Implant Failure

There are two types of implant failure
Early Failures and Late Failures


This type of failure occurs shortly after the implants are placed. They can be caused by:

  • Overheating the bone
  • Too much force when they are placed
  • Not enough force when they are placed
  • Contaminated implant
  • Contaminated Osteotomy
  • Epithelial cells in Osteotomy site
  • Poor quality of bone
  • Excessive forces during Osseo integration
  • A myriad of other reasons

Late failures

Generally caused by:

  • Excessive forces
  • Lateral loading

Early  failures can be dealt with at the  stage of treatment planning, and diagnostic work up, by  ensuring  an  adequate  surgical  protocol,  and  a  thorough  knowledge  and  understanding  of  the  implant system being placed.

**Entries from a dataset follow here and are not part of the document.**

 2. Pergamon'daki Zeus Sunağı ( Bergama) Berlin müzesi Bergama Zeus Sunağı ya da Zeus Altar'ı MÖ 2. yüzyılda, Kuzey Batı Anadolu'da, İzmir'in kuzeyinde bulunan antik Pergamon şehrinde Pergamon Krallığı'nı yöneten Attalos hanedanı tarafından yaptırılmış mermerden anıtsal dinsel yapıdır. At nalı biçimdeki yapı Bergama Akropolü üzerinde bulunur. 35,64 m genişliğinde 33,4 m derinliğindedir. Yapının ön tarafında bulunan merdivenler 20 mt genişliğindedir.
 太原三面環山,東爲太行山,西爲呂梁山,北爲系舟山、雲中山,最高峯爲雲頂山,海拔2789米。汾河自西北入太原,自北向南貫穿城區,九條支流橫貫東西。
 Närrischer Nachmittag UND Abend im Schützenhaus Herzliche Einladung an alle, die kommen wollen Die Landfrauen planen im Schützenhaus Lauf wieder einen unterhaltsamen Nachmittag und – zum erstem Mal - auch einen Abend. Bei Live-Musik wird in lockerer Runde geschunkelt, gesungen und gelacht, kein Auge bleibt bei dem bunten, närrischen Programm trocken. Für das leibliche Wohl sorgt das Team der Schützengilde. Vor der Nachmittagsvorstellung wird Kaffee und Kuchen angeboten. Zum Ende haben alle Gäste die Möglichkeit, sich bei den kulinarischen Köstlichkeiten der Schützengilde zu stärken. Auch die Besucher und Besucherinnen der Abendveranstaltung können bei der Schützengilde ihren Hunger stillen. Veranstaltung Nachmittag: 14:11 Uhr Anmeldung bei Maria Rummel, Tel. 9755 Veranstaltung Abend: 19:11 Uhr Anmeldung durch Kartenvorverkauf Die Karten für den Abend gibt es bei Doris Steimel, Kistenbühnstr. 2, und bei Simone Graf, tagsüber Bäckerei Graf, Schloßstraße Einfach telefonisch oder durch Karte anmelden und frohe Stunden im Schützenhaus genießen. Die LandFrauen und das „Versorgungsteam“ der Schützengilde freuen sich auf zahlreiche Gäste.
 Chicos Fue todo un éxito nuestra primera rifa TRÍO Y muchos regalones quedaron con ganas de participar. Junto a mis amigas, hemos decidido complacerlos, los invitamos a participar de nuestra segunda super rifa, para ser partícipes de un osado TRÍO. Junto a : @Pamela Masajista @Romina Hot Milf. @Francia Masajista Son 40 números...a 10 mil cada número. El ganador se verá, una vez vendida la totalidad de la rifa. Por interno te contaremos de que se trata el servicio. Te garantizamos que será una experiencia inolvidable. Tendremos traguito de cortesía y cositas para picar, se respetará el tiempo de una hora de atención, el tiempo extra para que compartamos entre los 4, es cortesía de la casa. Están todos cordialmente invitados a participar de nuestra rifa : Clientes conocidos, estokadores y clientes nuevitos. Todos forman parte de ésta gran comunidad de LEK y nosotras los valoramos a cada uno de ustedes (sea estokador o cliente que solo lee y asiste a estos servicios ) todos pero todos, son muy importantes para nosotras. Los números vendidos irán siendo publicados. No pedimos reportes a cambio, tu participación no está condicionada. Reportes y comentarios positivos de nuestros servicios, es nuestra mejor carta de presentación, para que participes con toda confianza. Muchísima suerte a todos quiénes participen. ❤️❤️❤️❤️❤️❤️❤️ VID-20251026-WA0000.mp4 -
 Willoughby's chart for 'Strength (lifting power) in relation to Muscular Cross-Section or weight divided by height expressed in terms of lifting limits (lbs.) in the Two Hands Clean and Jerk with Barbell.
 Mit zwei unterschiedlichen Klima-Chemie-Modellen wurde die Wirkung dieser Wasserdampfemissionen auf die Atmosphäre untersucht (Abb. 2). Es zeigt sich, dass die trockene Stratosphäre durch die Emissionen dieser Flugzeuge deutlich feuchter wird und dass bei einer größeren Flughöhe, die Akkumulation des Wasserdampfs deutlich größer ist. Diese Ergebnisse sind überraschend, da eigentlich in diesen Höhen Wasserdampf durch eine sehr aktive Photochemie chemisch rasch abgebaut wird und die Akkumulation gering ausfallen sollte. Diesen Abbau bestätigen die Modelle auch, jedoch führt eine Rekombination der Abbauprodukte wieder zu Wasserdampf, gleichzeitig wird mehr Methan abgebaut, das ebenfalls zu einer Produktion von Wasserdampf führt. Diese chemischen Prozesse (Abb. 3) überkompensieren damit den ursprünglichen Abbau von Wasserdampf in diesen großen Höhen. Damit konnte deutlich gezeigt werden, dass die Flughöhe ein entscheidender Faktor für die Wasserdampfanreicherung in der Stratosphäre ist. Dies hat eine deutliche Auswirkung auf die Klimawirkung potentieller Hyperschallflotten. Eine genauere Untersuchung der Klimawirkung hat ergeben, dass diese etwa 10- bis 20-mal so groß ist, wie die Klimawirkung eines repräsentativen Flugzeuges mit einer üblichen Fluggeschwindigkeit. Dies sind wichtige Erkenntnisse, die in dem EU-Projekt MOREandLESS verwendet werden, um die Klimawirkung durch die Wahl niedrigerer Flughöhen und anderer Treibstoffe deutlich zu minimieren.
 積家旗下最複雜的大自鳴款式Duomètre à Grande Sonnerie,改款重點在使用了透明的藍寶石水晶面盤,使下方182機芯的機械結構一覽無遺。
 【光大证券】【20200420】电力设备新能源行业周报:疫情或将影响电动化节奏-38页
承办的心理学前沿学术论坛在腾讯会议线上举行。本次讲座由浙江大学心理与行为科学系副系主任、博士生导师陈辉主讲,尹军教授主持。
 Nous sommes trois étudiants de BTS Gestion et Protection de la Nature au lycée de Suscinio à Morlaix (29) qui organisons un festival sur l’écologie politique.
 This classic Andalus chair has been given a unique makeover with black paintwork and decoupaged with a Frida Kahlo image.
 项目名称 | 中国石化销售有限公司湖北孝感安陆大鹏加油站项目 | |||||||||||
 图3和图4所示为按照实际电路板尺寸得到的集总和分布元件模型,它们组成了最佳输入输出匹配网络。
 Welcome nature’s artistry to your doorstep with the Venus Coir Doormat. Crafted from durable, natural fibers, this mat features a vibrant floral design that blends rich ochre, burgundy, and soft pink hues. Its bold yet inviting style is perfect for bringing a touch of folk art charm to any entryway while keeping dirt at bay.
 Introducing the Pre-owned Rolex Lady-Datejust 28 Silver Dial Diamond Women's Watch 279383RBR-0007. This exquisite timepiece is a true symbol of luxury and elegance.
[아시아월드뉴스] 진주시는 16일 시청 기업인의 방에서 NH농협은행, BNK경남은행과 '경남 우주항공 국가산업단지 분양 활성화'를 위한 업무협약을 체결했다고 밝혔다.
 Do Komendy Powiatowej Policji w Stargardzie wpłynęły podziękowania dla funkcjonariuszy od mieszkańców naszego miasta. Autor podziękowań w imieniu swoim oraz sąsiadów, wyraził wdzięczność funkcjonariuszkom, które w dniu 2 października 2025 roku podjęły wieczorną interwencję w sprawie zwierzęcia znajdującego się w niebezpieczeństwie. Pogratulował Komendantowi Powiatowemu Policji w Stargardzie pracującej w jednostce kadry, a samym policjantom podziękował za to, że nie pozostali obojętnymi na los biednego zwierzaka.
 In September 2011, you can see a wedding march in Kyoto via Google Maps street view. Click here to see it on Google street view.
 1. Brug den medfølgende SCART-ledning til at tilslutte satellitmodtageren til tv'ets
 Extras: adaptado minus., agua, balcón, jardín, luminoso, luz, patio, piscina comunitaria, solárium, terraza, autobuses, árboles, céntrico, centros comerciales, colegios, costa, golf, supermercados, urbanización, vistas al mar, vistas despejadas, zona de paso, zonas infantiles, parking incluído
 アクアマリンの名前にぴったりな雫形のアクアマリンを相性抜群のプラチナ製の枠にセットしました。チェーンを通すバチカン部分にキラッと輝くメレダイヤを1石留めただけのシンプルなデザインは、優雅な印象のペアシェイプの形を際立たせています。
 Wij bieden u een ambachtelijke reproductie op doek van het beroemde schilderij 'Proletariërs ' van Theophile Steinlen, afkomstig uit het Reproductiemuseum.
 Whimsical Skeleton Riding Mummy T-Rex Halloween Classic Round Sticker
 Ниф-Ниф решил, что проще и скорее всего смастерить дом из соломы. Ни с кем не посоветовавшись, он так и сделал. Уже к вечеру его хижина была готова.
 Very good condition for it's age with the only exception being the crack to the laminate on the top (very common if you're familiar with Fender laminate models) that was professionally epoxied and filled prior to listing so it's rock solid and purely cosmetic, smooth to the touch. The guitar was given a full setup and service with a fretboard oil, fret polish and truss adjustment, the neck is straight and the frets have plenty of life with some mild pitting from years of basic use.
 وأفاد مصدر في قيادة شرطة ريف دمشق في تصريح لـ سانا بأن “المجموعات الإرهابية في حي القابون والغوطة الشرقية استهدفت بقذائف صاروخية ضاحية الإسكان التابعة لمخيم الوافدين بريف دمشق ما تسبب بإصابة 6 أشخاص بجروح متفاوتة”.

It  goes  without  saying  that  implant  surgery,  like  any  invasive  procedure,  has  to  follow  strict surgical  and  sterilization  protocols,  with  emphasis  being  placed  on  minimal  interval  time  between exposure of the implant from its sterile packaging to its insertion and primary  fixation  in the Osteotomy site.

Implants should never be manipulated by gloved fingers, or the surface contaminated by external sources during the implant placement. Epithelial invagination in the Osteotomy site is a certain precursor to implant failure. Most instances of crestal bone loss usually occurring within a few weeks of placement with an improper protocol of handling.

A large percentage of failures of implants occur in the late phase or the phase of loading. The most significant factor affecting stability of an implant is occlusal loading. Having  mentioned  that  all  implants  are  eventually  prosthetic  driven,  it  is  imperative  that  the occlusal scheme  has  to  be  designed  to  ensure  axial  loading,  and  avoid  excessive occlusal forces  on the implant.  Early signs of excess load fatigue are manifested by loosening of abutment screws, and may eventually lead to implant fractures.

The  ratio  of  implant  to  crown  should  be  ideally  1:1  to  ensure  proper  dissipation of occlusal forces.

Short implants, with an inadequate diameter should be avoided to the greatest possible extent to prevent secondary failures due to inadequate loading.

Cantilever  design,  especially  posterior  cantilevers is  a  precursor to  failure too,  and  may  place excessive load on the implant.